— Your goal —
Images are not part of the copy; transcribe all the data exactly.

— Supplied information —
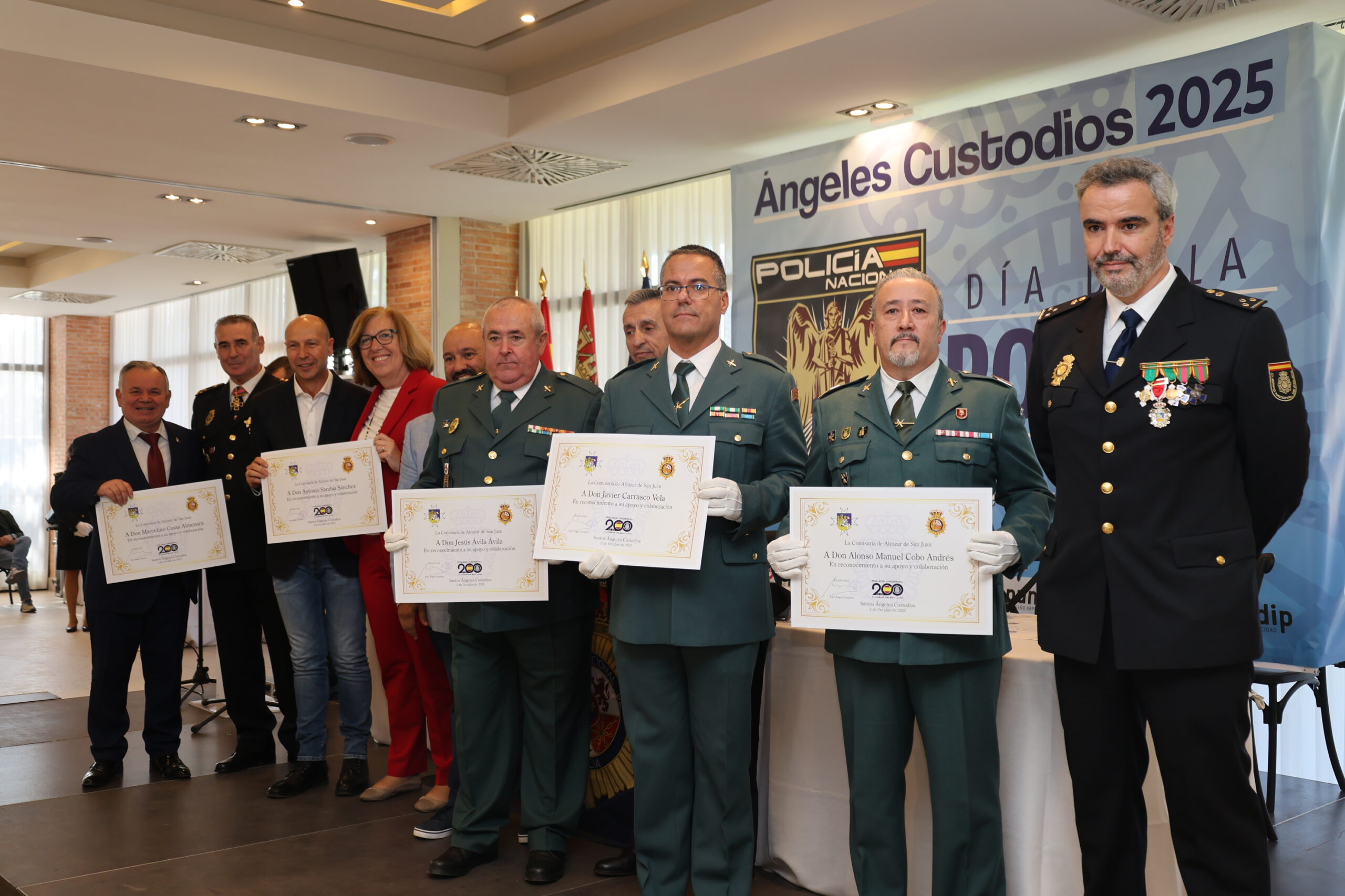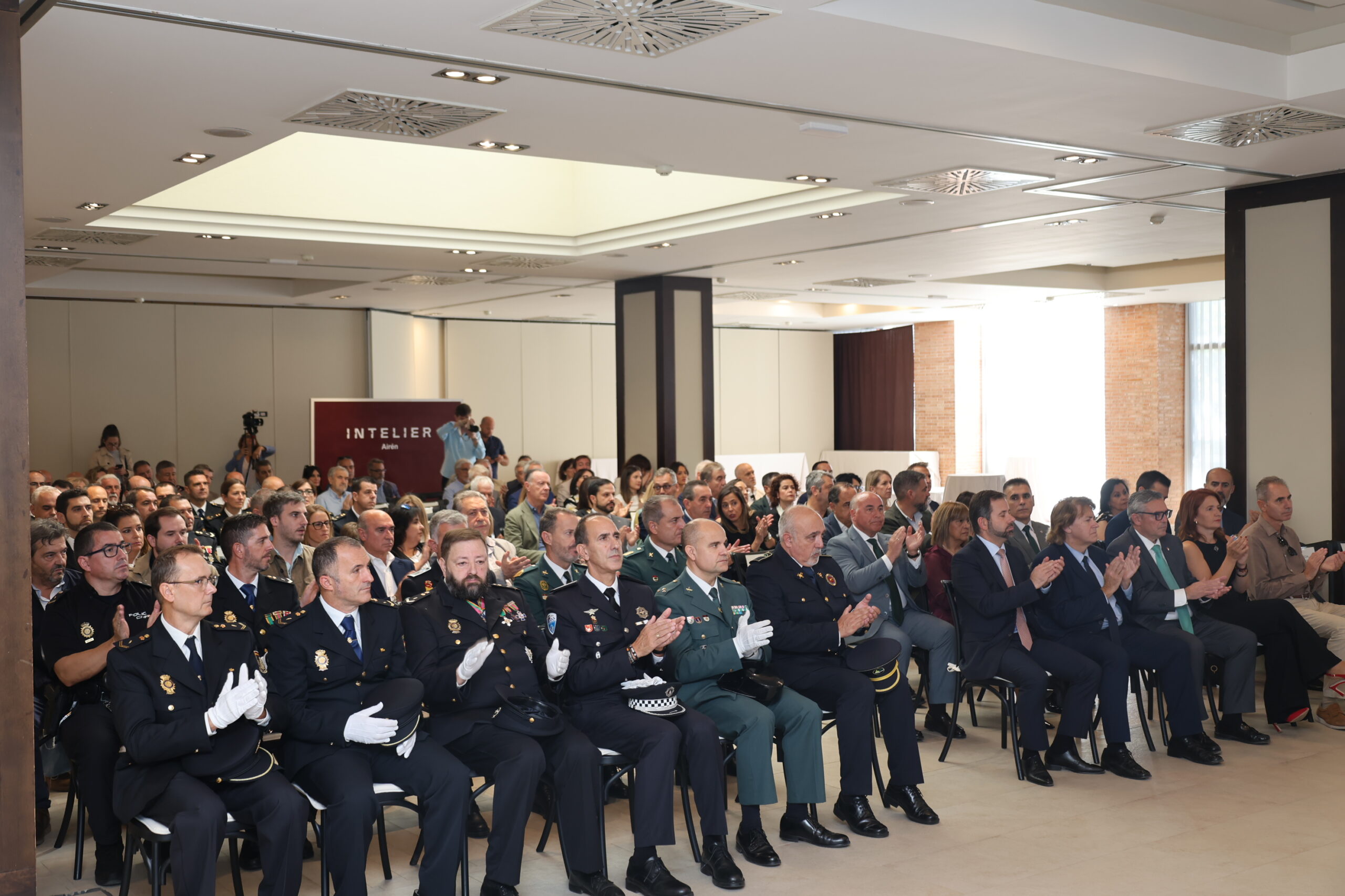Al finalizar la misa, la celebración se ha trasladado al Hotel Intelier Airén, donde ha tenido lugar el acto institucional en el que se ha realizado la entrega de medallas y reconocimientos a agentes, autoridades, empresarios y representantes de la sociedad civil, que ha precedido a una jornada de convivencia disfrutando de un vino y un aperitivo.
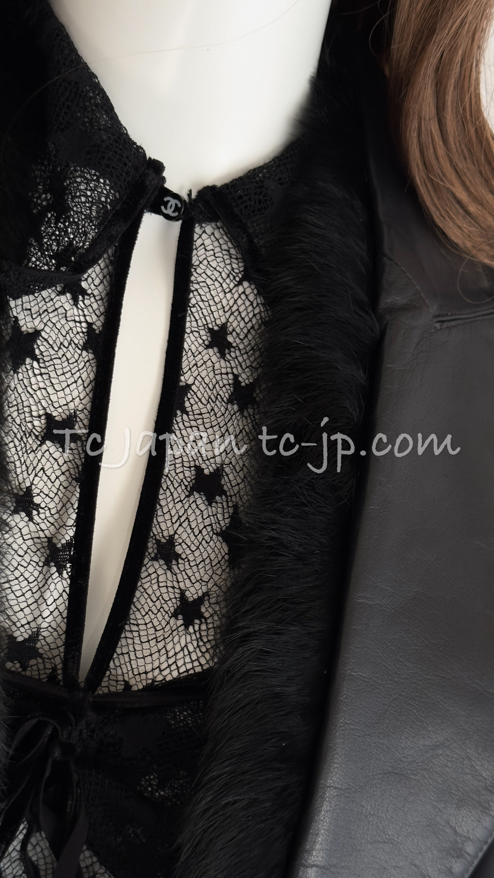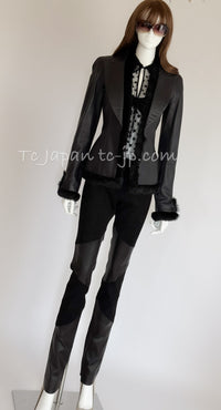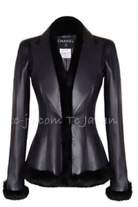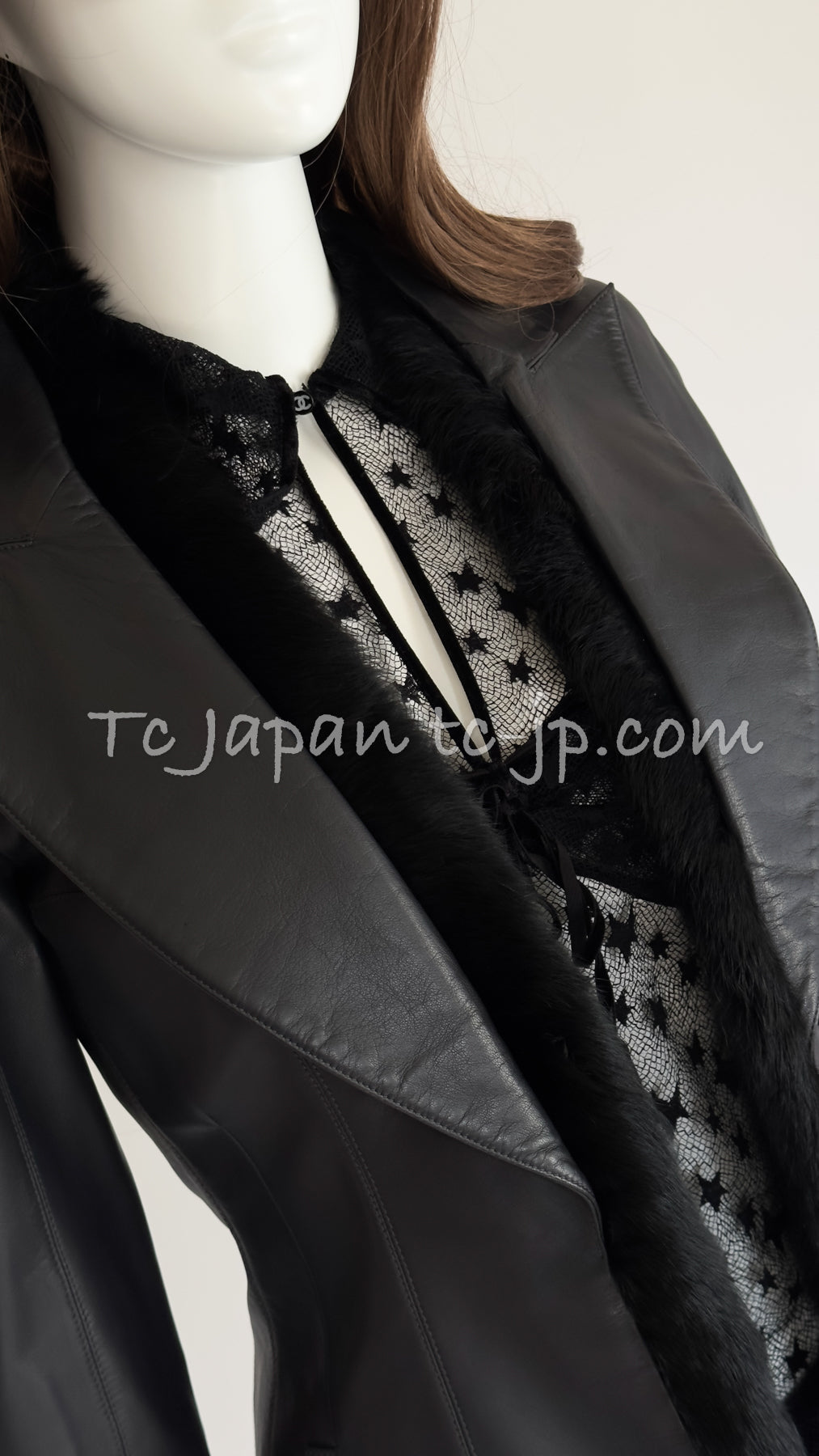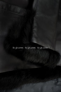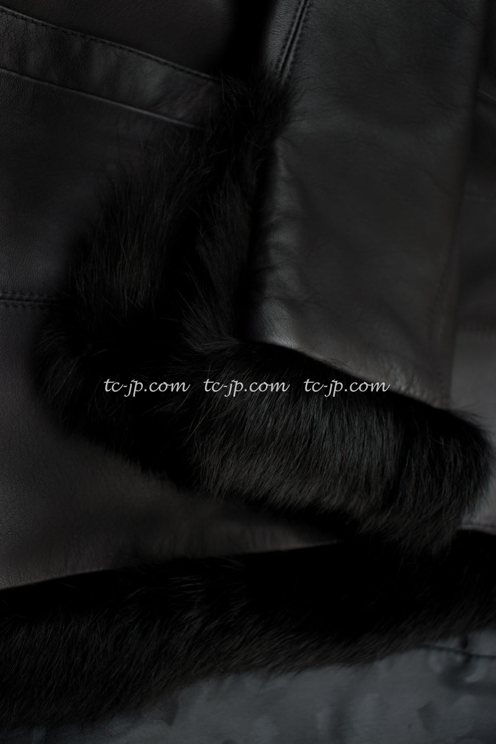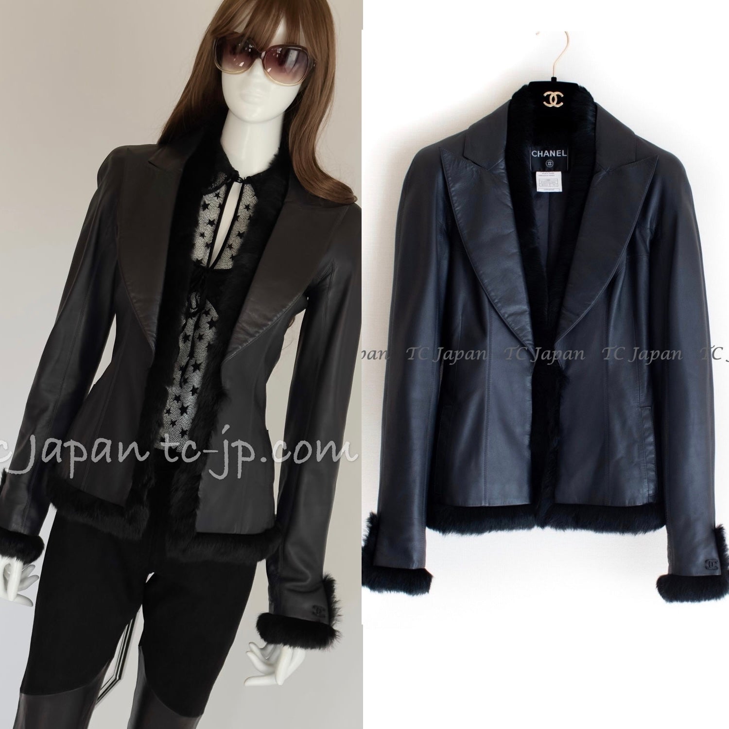 CHANEL 02A Charcoal Gray Brown Black Lambskin Leather Rabbit Fur Jacket 34 シャネル チャコールグレー ラムスキン レザー ラビットファー チャコールグレー ブラウン ブラック ジャケット 即発
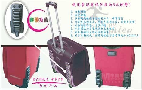 目前市場上沒有此類產(chǎn)品,豪邁客Grande Amico爬樓拉桿箱的問世,填補了這一空白。我們自信,我們的爬樓旅行箱,拉桿箱。將引領(lǐng)整個拉桿箱產(chǎn)業(yè)的第三次功能革命。

— Output of the exercise —
Al finalizar la misa, la celebración se ha trasladado al Hotel Intelier Airén, donde ha tenido lugar el acto institucional en el que se ha realizado la entrega de medallas y reconocimientos a agentes, autoridades, empresarios y representantes de la sociedad civil, que ha precedido a una jornada de convivencia disfrutando de un vino y un aperitivo.
 CHANEL 02A Charcoal Gray Brown Black Lambskin Leather Rabbit Fur Jacket 34 シャネル チャコールグレー ラムスキン レザー ラビットファー チャコールグレー ブラウン ブラック ジャケット 即発
 目前市場上沒有此類產(chǎn)品,豪邁客Grande Amico爬樓拉桿箱的問世,填補了這一空白。我們自信,我們的爬樓旅行箱,拉桿箱。將引領(lǐng)整個拉桿箱產(chǎn)業(yè)的第三次功能革命。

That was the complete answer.